DATA LISTING >>
########################################
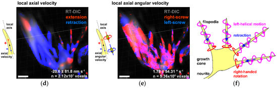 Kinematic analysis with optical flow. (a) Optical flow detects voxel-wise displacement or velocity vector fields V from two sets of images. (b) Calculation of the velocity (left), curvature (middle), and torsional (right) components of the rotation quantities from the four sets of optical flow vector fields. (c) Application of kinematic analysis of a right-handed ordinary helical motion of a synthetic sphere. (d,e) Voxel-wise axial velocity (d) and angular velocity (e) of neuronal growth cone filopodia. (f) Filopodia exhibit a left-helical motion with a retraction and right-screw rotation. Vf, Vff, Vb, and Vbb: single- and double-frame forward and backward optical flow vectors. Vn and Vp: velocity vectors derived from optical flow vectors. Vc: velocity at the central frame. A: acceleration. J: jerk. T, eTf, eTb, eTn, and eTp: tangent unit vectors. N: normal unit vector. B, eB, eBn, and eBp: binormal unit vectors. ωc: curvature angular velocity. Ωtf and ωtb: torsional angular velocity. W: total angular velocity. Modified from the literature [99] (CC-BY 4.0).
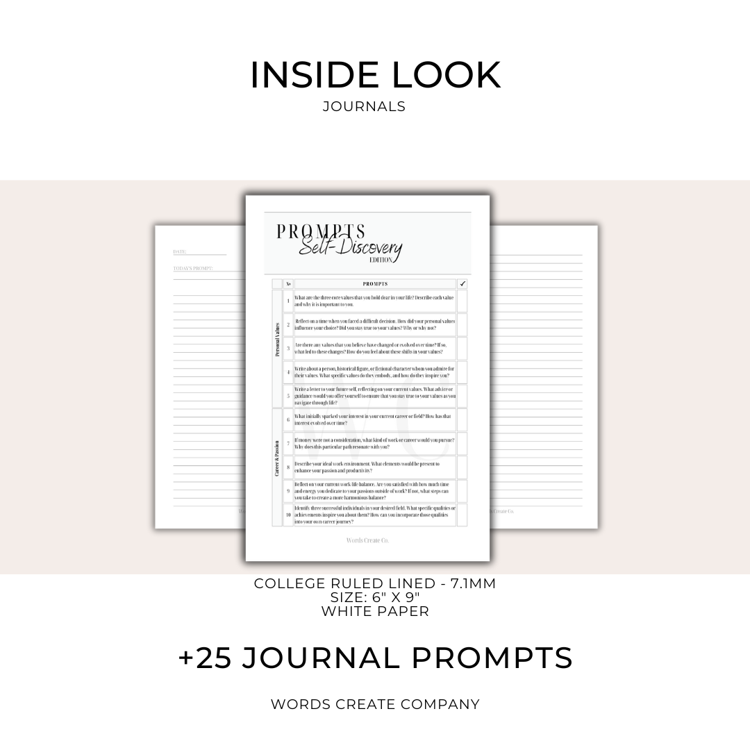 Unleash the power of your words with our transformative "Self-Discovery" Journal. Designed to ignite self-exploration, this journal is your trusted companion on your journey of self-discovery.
########################################
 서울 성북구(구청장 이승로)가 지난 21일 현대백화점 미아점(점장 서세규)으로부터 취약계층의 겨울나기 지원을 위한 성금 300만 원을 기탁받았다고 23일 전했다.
########################################
Above is the material; set down exactly its lines from the one containing "Kinematic analysis with" down to the one containing "Unleash the power", both included, leaving out any pictures.

 Kinematic analysis with optical flow. (a) Optical flow detects voxel-wise displacement or velocity vector fields V from two sets of images. (b) Calculation of the velocity (left), curvature (middle), and torsional (right) components of the rotation quantities from the four sets of optical flow vector fields. (c) Application of kinematic analysis of a right-handed ordinary helical motion of a synthetic sphere. (d,e) Voxel-wise axial velocity (d) and angular velocity (e) of neuronal growth cone filopodia. (f) Filopodia exhibit a left-helical motion with a retraction and right-screw rotation. Vf, Vff, Vb, and Vbb: single- and double-frame forward and backward optical flow vectors. Vn and Vp: velocity vectors derived from optical flow vectors. Vc: velocity at the central frame. A: acceleration. J: jerk. T, eTf, eTb, eTn, and eTp: tangent unit vectors. N: normal unit vector. B, eB, eBn, and eBp: binormal unit vectors. ωc: curvature angular velocity. Ωtf and ωtb: torsional angular velocity. W: total angular velocity. Modified from the literature [99] (CC-BY 4.0).
 Unleash the power of your words with our transformative "Self-Discovery" Journal. Designed to ignite self-exploration, this journal is your trusted companion on your journey of self-discovery.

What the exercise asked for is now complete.